16. Examine results¶
Now let’s check out your blast results. Take a look at your output file using less
. (For easier visualization, you can also either copy your results (if it’s a small file) and paste in Excel, or transfer the file using scp
and open it in Excel.)
17. Column descriptions¶
Each blast hit is listed in a separate line. The columns are tabulated as follows, from left to right:
- query sequence name
- database sequence name
- percent identity
- alignment length
- number of mismatches
- number of gaps
- query start coordinates
- query end coordinates
- subject start coordinates
- subject end coordinates
- e-value
- bitscore
19. BLAST comparison¶
Let’s try this another way. Run your blast again, but this time use a bigger e-value cutoff.
blastp -query PF03787_seed.txt -db PROKKA_09252018.faa -evalue 1e-02 -outfmt 6 -out PF03787_vs_toy_ORFs_evalue1e02.blastp
Answer the following question on the Word document you will submit to Moodle:
Question 2: Check for understanding: In a few sentences/a short paragraph, describe: How do these BLAST results differ from your previous BLAST? What can you infer about what the e-value is based on these results? Explain in your own words why you might choose to use this method of BLAST (with a query sequence against your own dataset) rather than BLAST a query sequence against the nr database on the NCBI BLAST website.
20. Try another gene¶
Now let’s try a different gene. Pfam is a good place to find general protein sequences that are grouped by sequence structure, with representatives from many different species. Let’s say you’re interested in finding a specific sequence instead.
- Go to the NCBI Protein database.
- Let’s look for the DNA polymerase from Thermus aquaticus, the famous DNA polymerase that is used in PCR. Type “DNA polymerase Thermus aquaticus’ in the search bar at the top.
- Click on the first hit you get. You’ll see lots of information related to that sequence.
- Click on “FASTA” near the top. It will give you the FASTA sequence for that protein (protein rather than DNA).

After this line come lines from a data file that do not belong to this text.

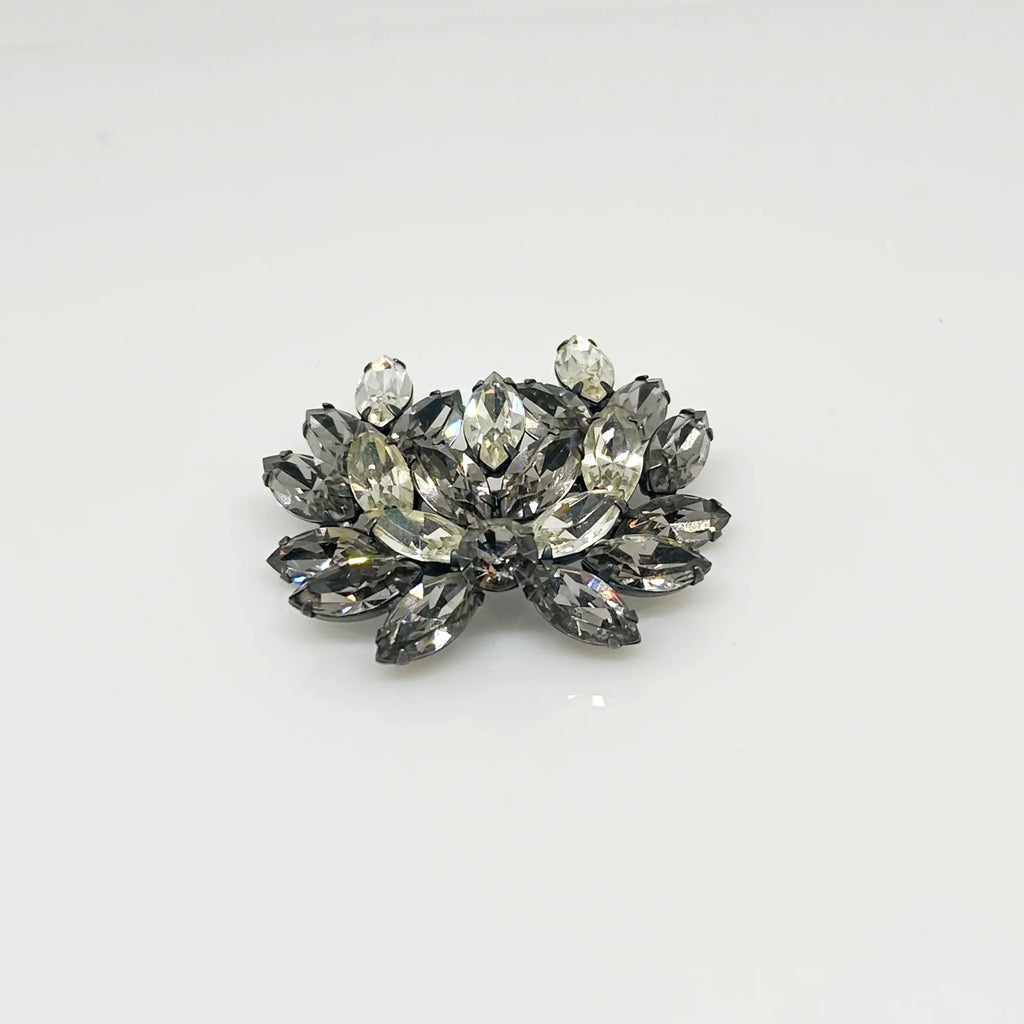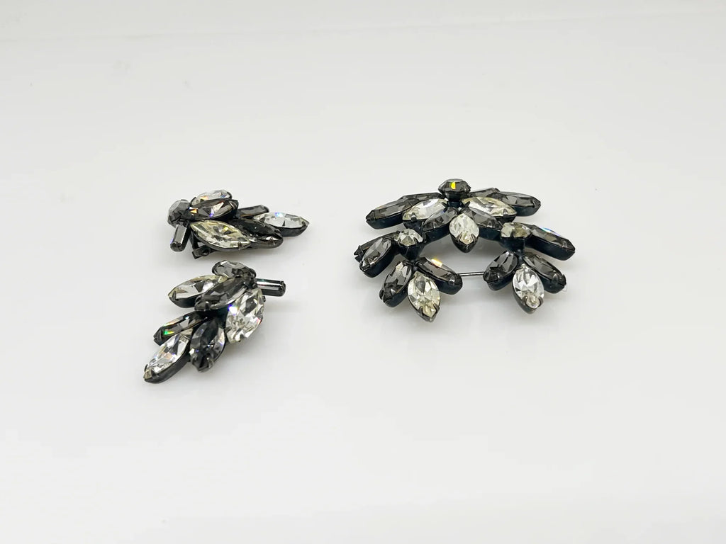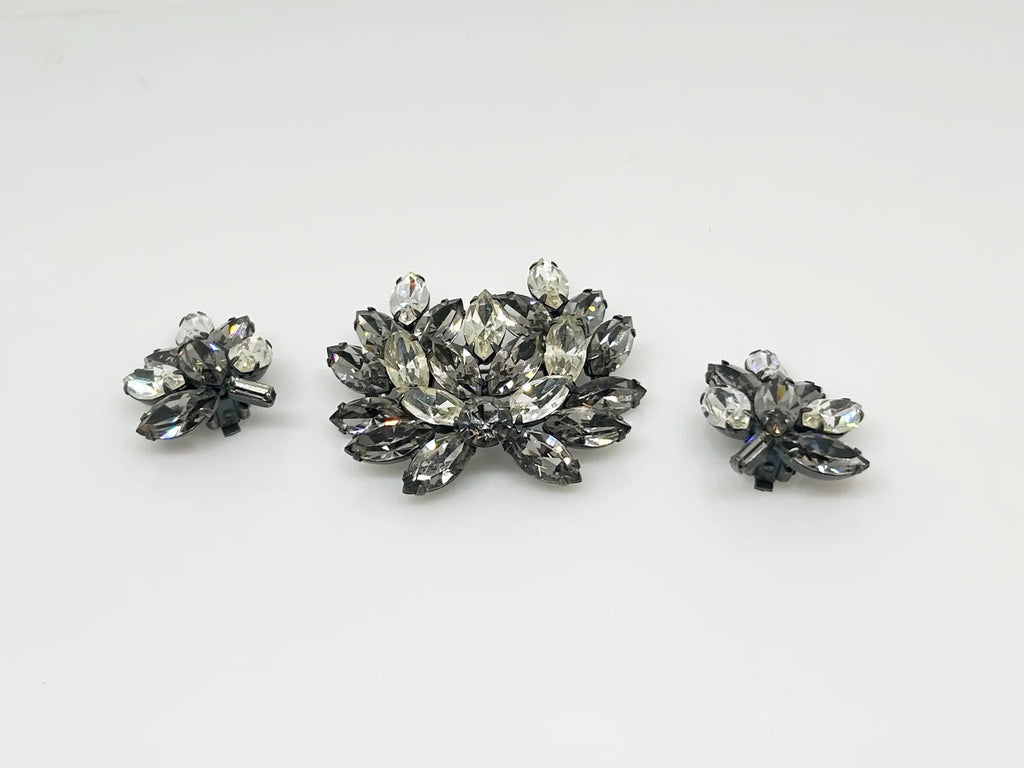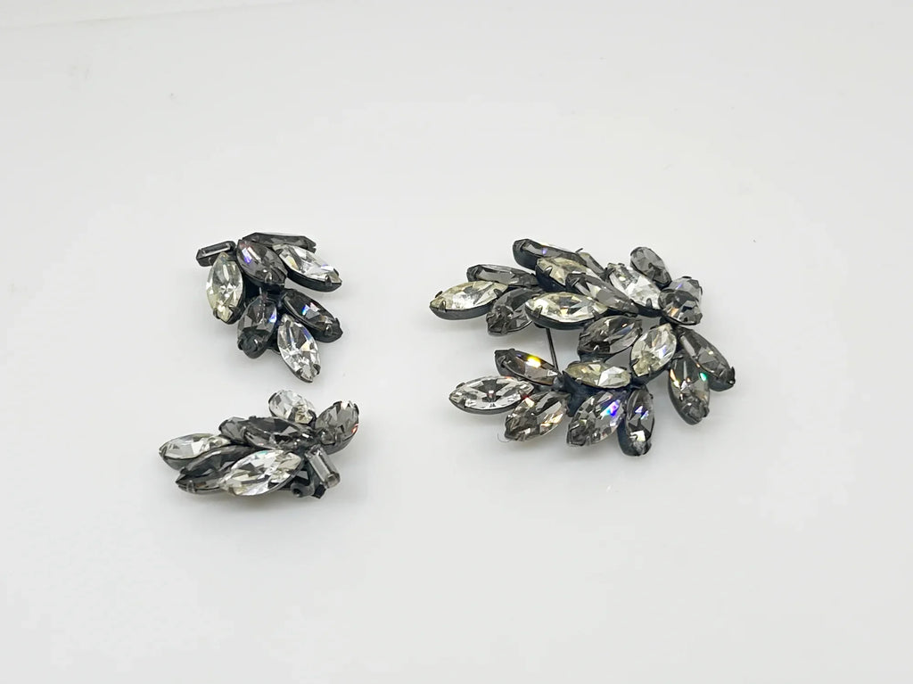 This is a gorgeous set of pin and earrings made with marquise and round shaped rhinestones in gray and clear. They are nestled in a layered, dark metal setting. The stones are standout bright and very sparking, great condition other than some wear on reverse. The earrings are clip on, hinge back. Free Shipping
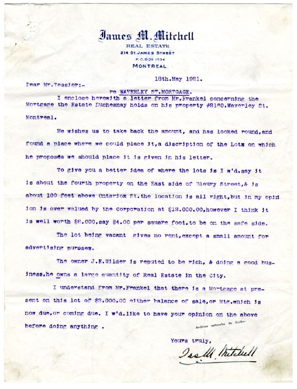 Lettre de James M. Mitchell à [Georges-Victor] Tessier concernant la succession d'Henri-Théodore Juchereau Duchesnay
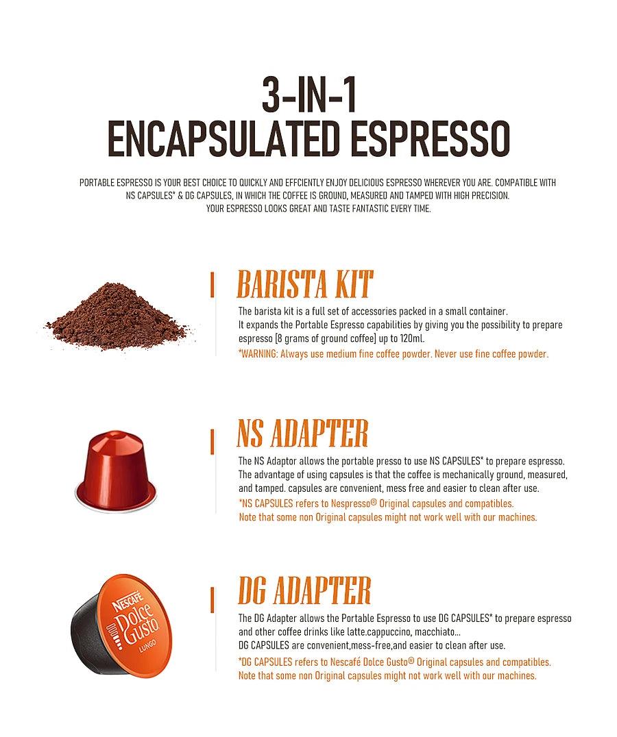 - 3 in 1 Functionality: Compatible with Nespresso capsules, Dolce-Gusto capsules, and ground coffee.
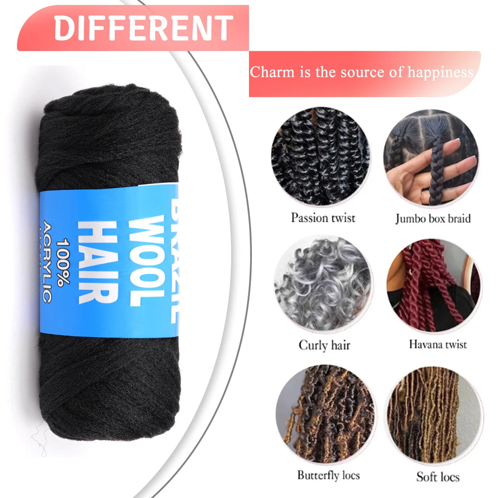 Transform your hairstyle game with our versatile Brazilian Wool Hair Synthetic Crochet Hair Extensions. Perfect for creating stunning Senegalese twists and braids, these extensions are crafted from high-quality high-temperature fiber, providing a natural look with vibrant colors.

- Copy that sequence and paste it into a new file on baross. Here is one way to do that: use
nano
to create a new file (see command). Once innano
, paste your sequence into the file. TypeCtrl+O
,Enter
, and thenCtrl+X
.
nano DNA_pol_T_aquaticus.faa
21. BLAST¶
Now you have a sequence file called DNA_pol_T_aquaticus.faa
. BLAST it against your toy dataset:
blastp -query DNA_pol_T_aquaticus.faa -db PROKKA_09252018.faa -outfmt 6 -out DNA_pol_T_aq_vs_toy_ORFs.blastp
22. Examine results¶
Take a look at your blastp output using less. Notice the e-value column, second from right. Most of your e-values for this range between 2.3 (at best) and 7.4 (at worst). These e-values are TERRIBLE. This means you probably didn’t have very good hits to this protein in your dataset. (What constitutes a “good” e-value is debatable and depends on your application, but a general rule of thumb is for it to be 1e-05 or lower.)
23. Post-lab questions¶
Now choose your own protein and BLAST it against your dataset. Answer the following questions on the Moodle Word document:
Question 3: Check for understanding:
In a few sentences/a short paragraph, describe the protein you chose and how you found the sequence for that protein. Show the command you executed for the blast, and show the first three matches (if there were any) with an e-vaue cutoff above 1e-05.
Making An Alignment¶
OK, so we’ve learned how to do sequence search using BLAST, which is a local alignment search tool. Now we’re going to learn how to make global alignments using MUSCLE, and then use those global alignments to make phylogenetic trees in order to learn about how genes are related.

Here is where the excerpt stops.